Comparison of endpoint effects in phase -III clinical trials A comparison of the endpoint effects in diurnal IOP in the phase-III studies (3 and 6 months of treatment in studies 201050 and 201051, respectively), and the calculated mean effect at the endpoint in the whole material are presented.The IOP response to TT-FDC was overall quite similar in both studies, although the effect was slightly smaller (p=0.302) in study 201051 probably due to lower baseline IOP.

Demographic characteristics of phase-III clinical trials with TT-FDC The mean age in the studies was 63.5-67.4 years. Approximately 2/3 of the patients were females, except for the prior timolol users’ stratum (TM stratum) in study 201050 where 58% were females. Of the patients treated with TT-FDC 71% suffered from primary open-angle glaucoma. Only about 6% suffered from secondary glaucoma, the rest (23%) being ocular hypertensive patients. The study populations were rather similar with respect to distribution of gender, age, and disease. With a few exceptions the patients were all Caucasians. The study cohorts are not representative for the Asian or African-American black populations. Concomitant illnesses comprised primarily cardiovascular disorders, metabolism/ endocrine and nutrition disorders, musculoskeletal and connective tissue disorders, and disorders of the nervous system. The distribution of the concomitant illnesses between the treatment arms was fairly homogenous in the studies.

Dose regimen studies No dose-response or dose regimen studies have been deemed necessary to perform with the TT-FDC product as the components, tafluprost and timolol, in the combination product are well known glaucoma drugs that are often combined in clinical practice and a dose regimen of once daily in the morning is rational because timolol has less effect on IOP during the night (McCannel et al., 1992) and tafluprost, as all prostaglandin analogues, should be administered once daily for optimal effect.


JUSTIFICATION FOR THE FDC Justification for the FDC of tafluprost and timolol is therefore provided given a simplification of therapy from three daily drops to one daily drop, which may improve patient compliance (EMEA Guideline On Clinical Development Of Fixed Combination Medicinal Products). The simplification of therapy to one daily drop was accomplished while maintaining a similar safety profile and achieving efficacy that was non-inferior to the three daily drop regimen. Further justification for the FDC of tafluprost and timolol is provided by an improvement of the benefit/risk due to the demonstration by the FDC to produce statistically significant additional efficacy above that achieved by each of the single component substances while maintaining an acceptable safety profile. An overview of the clinical program with TT-FDC is presented.

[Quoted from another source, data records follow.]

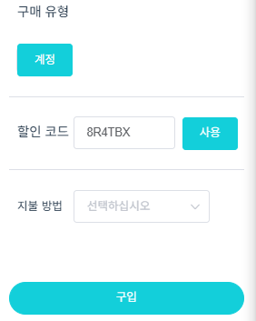 - 할인코드 입력 → 8R4TBX 입력 후 결제 금액 확인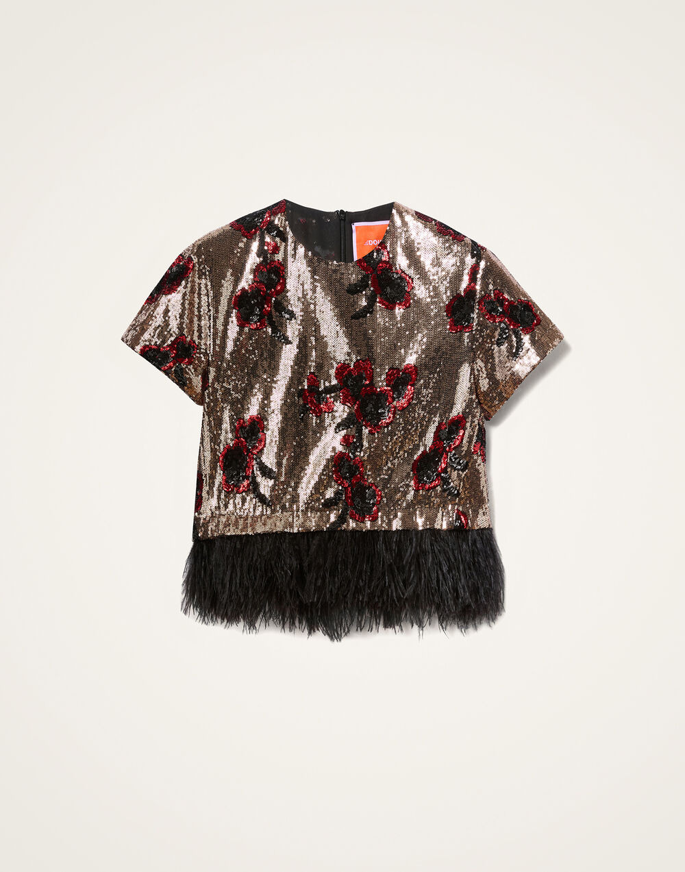 How to add a little drama to the everyday? Allow our La Scala T-shirt to take to the stage. This head-turner arrives in a cool, cropped T-shirt silhouette strewn with shimmering paillettes in this punchy Primrose motif. Oh, and did we mention it has an ostrich feather trim? No maximalist would save this babe for best so we’d recommend throwing her on with the Hendrix Pants or your favorite wide-legs for a look that could take you from work to weekends or winter weddings, and enjoy all the compliments that ensue. Details & Fit - Paillettes - Round neck - Cropped silhouette - Ostrich feather trim - 100% Made in Italy - Composition: 100% Polyester - The model is 180 cm / 5′ 11″ tall and wears a size S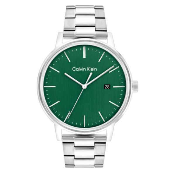 The Calvin Klein Men’s Linked Bracelet Watch features a 43mm stainless steel case with a green dial. It is complemented by a stainless steel bracelet and offers water resistance up to 30 meters, making it both stylish and functional for daily wear.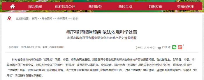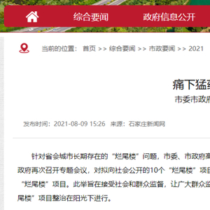 8月7日,石家庄召开专题会议决定,拟对全市“烂尾楼”项目分批次向社会进行公布,首批公开10个“烂尾楼”项目。第二批,也公布了10个;第二批8个,第四批7个,第五批9个……截至9月9日,石家庄“烂尾楼”项目已公布5批次,涉及44个“烂尾楼”项目。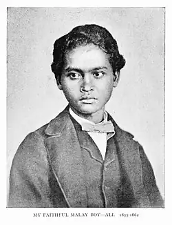 Alfred Russel Wallace travelled to the Malay archipelago in March 1854 along with his collecting assistant Charles Martin Allen (1839–92). During his travels he hired as many as 1200 people at various points of time and in various places. Among them some made an impression on him and were credited in his writings.[1] When they arrived in Singapore on 18 April 1854, Wallace hired a Malay boy named Ali. He described him:[2]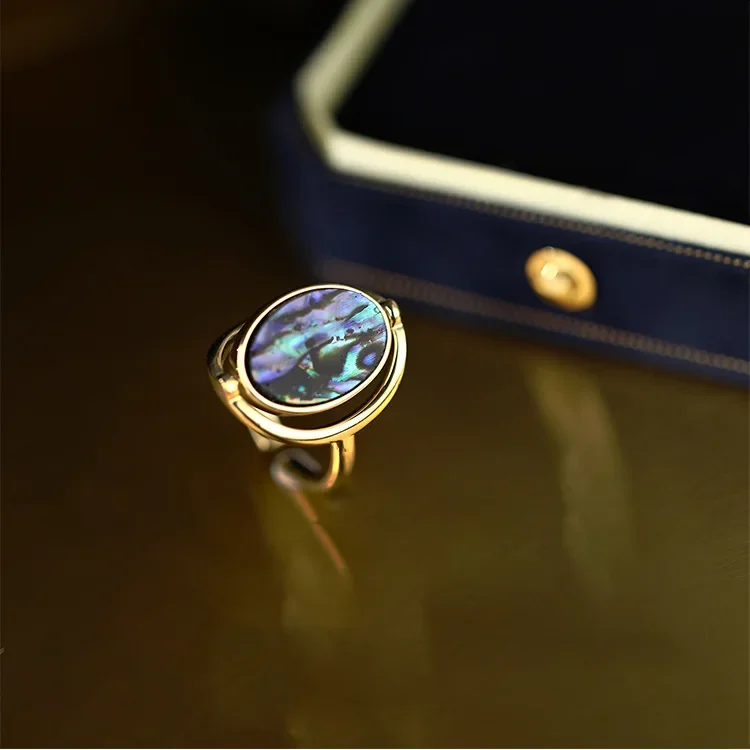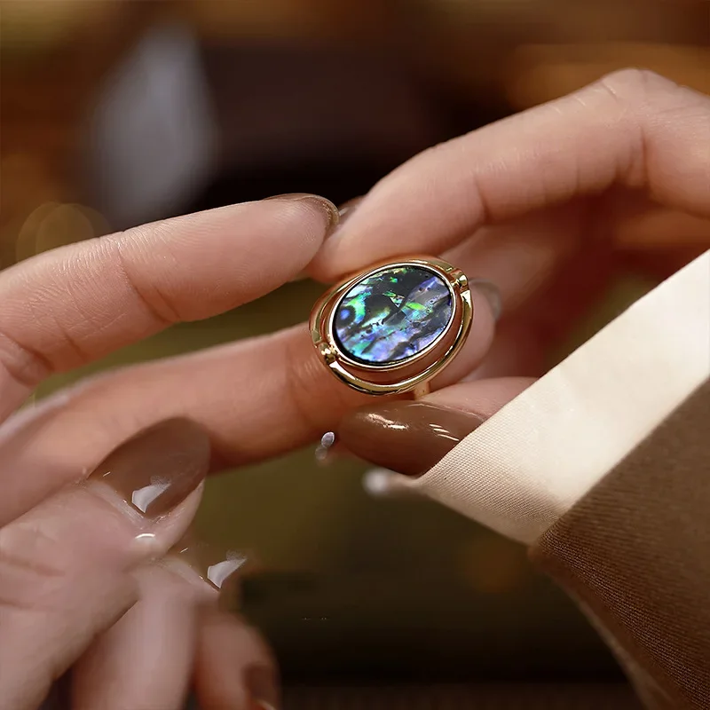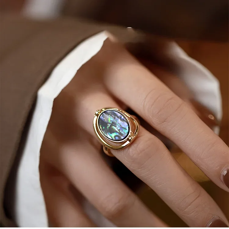 Daiiibabyyy Oval Shell Open Rings for Women Retro Fashion Exquisite Temperament Index Finger Ring Light Luxury High-end Hand Jewelry Gifts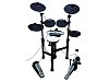 Электронная ударная установка. 10” сетчатый двухзонный малый барабан, 8” сетчатые двухзонные томы (2шт), 10” сетчатый двухзонный напольный том, 8” сетчатый пэд бас-барабана. 12” двухзонные тарелки (3шт: hi-hat, crash1, crash2). 13” трехзонная тарелка Ride. Стойка хай-хета. Педаль для бас-барабана. Прочная и устойчивая алюминиевая рама. 30 пресетов барабанных установок. 467 звуков барабанов, тарелок и перкуссии. 15 встроенных аккомпанементов. Рекордер. Метроном. Входы: CD/MP3/Aux , USB/MIDI, Лине

The clinical programme of tafluprost/timolol fixed dose combination followed the guideline

for combination products (CPMP/EWP/240/95 Rev. 1) and prospective scientific advice recommendations by BfArM and EMA to support targeted 2nd line indication for patients after insufficient response to prostaglandin or timolol monotherapies as described in the

guideline (“in second line therapy, when monotherapy with either component has not demonstrated a satisfactory benefit/risk ratio”, page 5 of CPMP/EWP/240/95 Rev. 1).

Consequently, the primary aim of the clinical development programme was to show that the FDC of tafluprost/timolol is superior in IOP lowering efficacy as compared to the corresponding monotherapies. In addition to this, Santen was able to show that IOP lowering

effect of the FDC given once daily was non-inferior to the effect provided by the components given concomitantly (tafluprost once daily + timolol twice daily).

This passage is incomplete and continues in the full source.